How do you solve \[{n^2} = 6n\] ?

Answer 1

Hint: The given equation is a quadratic equation in one variable $ n $ . Solving this equation means finding the value of $ n $ which satisfies the equation, i.e. such values for which LHS of the equation is equal to the RHS of the equation. In a second degree equation we get two values of the variable as a solution.

Complete step-by-step answer:
We have to solve the equation \[{n^2} = 6n\].
The given equation is a quadratic equation in one variable $ n $ . We have to find the values of $ n $ which satisfies the equation.
To solve the equation we first transfer all the terms to one side, to LHS in this case, as follows,
 $
  {n^2} = 6n \\
   \Rightarrow {n^2} - 6n = 0 \;
 $
We can take $ n $ common from both the terms and write it as,
 $
  {n^2} - 6n = 0 \\
   \Rightarrow n(n - 6) = 0 \;
 $
We get $ n(n - 6) = 0 $ , which means
 $
  n = 0\;\;or\;\;(n - 6) = 0 \\
   \Rightarrow n = 0\;\;or\;\;\;n = 6 \;
 $
We get $ n = 0 $ or $ n = 6 $ . This means that $ n $ can take either of both the values to satisfy the equation.
While solving a quadratic equation we get two values in the solution.
Hence, the solution of the given equation \[{n^2} = 6n\] is $ n = 0 $ or $ n = 6 $ .
So, the correct answer is “$ n = 0 $ or $ n = 6 $ ”.
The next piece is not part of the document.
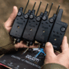 The Delkim TXi-D v2 Digital Presentation Set gives you the very latest in advanced bite alarm technology for anglers. With considerable effort going into simplifying the user interface, and with improvements in the production line and assembly process. Retaining a lot of the features offered with the the original Txi-D and Rx-D series. With the new V2 set giving multi colour LED colour choices on each alarm head, a first for Delkim. These light choices are reflected on the Rx-D v2 Receiver that also now has a Quick Torch function that illuminates all the LEDs to help find your way if you’ve dropped your actual torch. Each set comes supplied with three individual alarm heads, plus a receiver along with Safe-D Carbon Snag Bars and hard case covers for the alarms and receiver.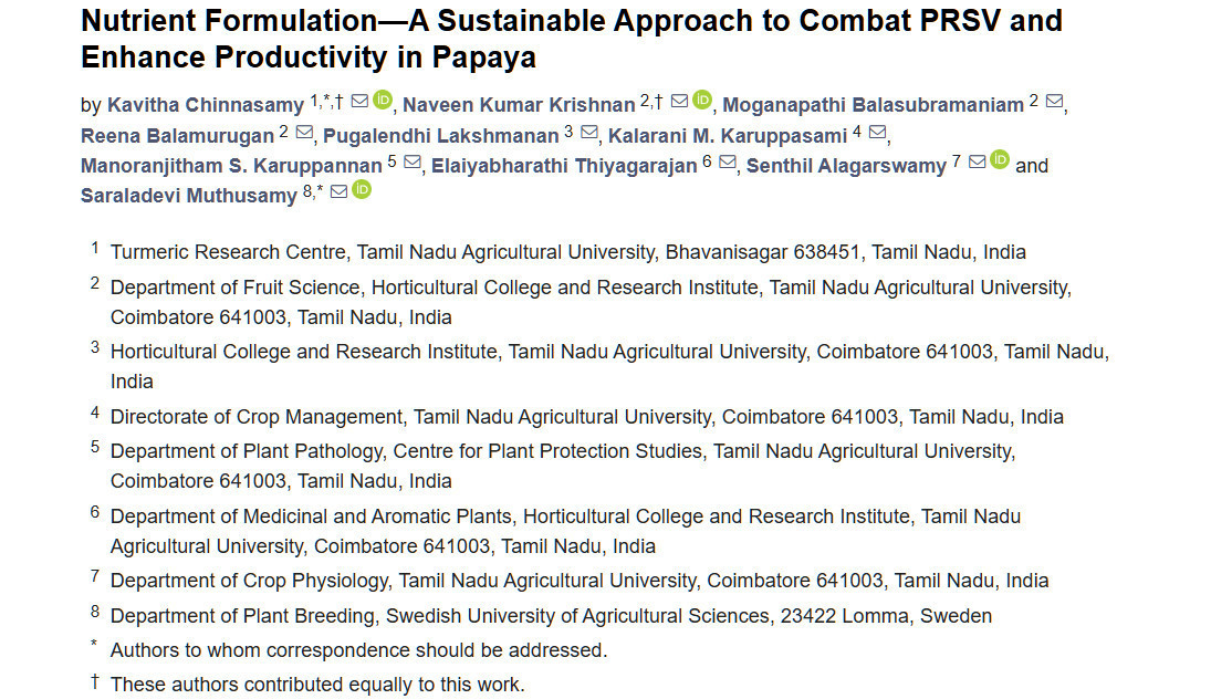 Chinnasamy K, Krishnan NK, Balasubramaniam M, Balamurugan R, Lakshmanan P, Karuppasami KM, Karuppannan MS, Thiyagarajan E, Alagarswamy S, Muthusamy S. Nutrient Formulation—A Sustainable Approach to Combat PRSV and Enhance Productivity in Papaya. Agriculture. 2025; 15(2):201. https://doi.org/10.3390/agriculture15020201

Note: When the highest power of the variable in an equation is $ 2 $ it is a quadratic equation. While transferring terms to the other side the arithmetic signs are reversed, i.e. ‘ $ + $ ’ becomes ‘ $ - $ ’ and vice-versa. We get two values of the variable in the solution.
Also, we can check the solution by putting the values in the equation.
For $ n = 0 $ , $ LHS = {n^2} = {0^2} = 0 $ and $ RHS = 6n = 6 \times 0 = 0 $ . Thus, LHS = RHS.
For $ n = 6 $ , $ LHS = {n^2} = {6^2} = 36 $ and $ RHS = 6n = 6 \times 6 = 36 $ . Thus, LHS = RHS.
Hence, our solution is correct.